Based on the results from those schools that did respond, “Manitoba stands out as a leader in delivering quality music programs in their schools”, while Ontario “is facing the greatest challenges in delivering quality music programs”. Even though schools with music programs were most likely to respond to the survey, over half of the respondents indicated that non-specialists are teaching music at their school.

Respondents’ written comments regarding funding, time, instruments and space include: “music is taught in the gym”; “more time is needed in the school day to teach music”; and “music programs base their survival on parent support and fund-raising”. One teacher noted that “it is a constant struggle to maintain funding, and I often buy most of my resources and try to gain available space.” Crucial elements of successful programs include a supportive principal, colleagues and community.

Regarding teacher qualifications, respondents indicated that many music teachers are not specialists.
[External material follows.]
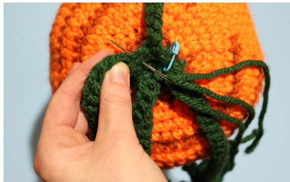
6. Fortsätt sy runt i bmb för att stänga igen alla hål, stick ut nålen genom sidan och fäst tråden. Voila!

One principal noted that, “while I personally feel music is important, I had to make choices, and music with a qualified teacher had to be cut along with Phys Ed and art”. Teacher training in the arts was also an important concern.

Concerning curriculum issues, respondents highlighted the outdated curriculum in some jurisdictions as well as “the secondary school pressures for students and timetabling pressures for teachers”.

Respondents indicated that “students are coming into the middle school and secondary programs almost musically illiterate”. Given limited time, many secondary students drop “frill” subjects such as the arts in favour of compulsory credits and “academic” programs that are considered more “marketable”.

Regarding advocacy, a teacher noted that “it is a constant struggle to keep kids and parents convinced that music is important”. One respondent indicated that “workshops for teachers around the integration of music in other subjects would be beneficial (connections to numeracy, literacy, etc.)”. Others would like to know how to better promote music programs and encourage others to “respect and encourage the power of music”.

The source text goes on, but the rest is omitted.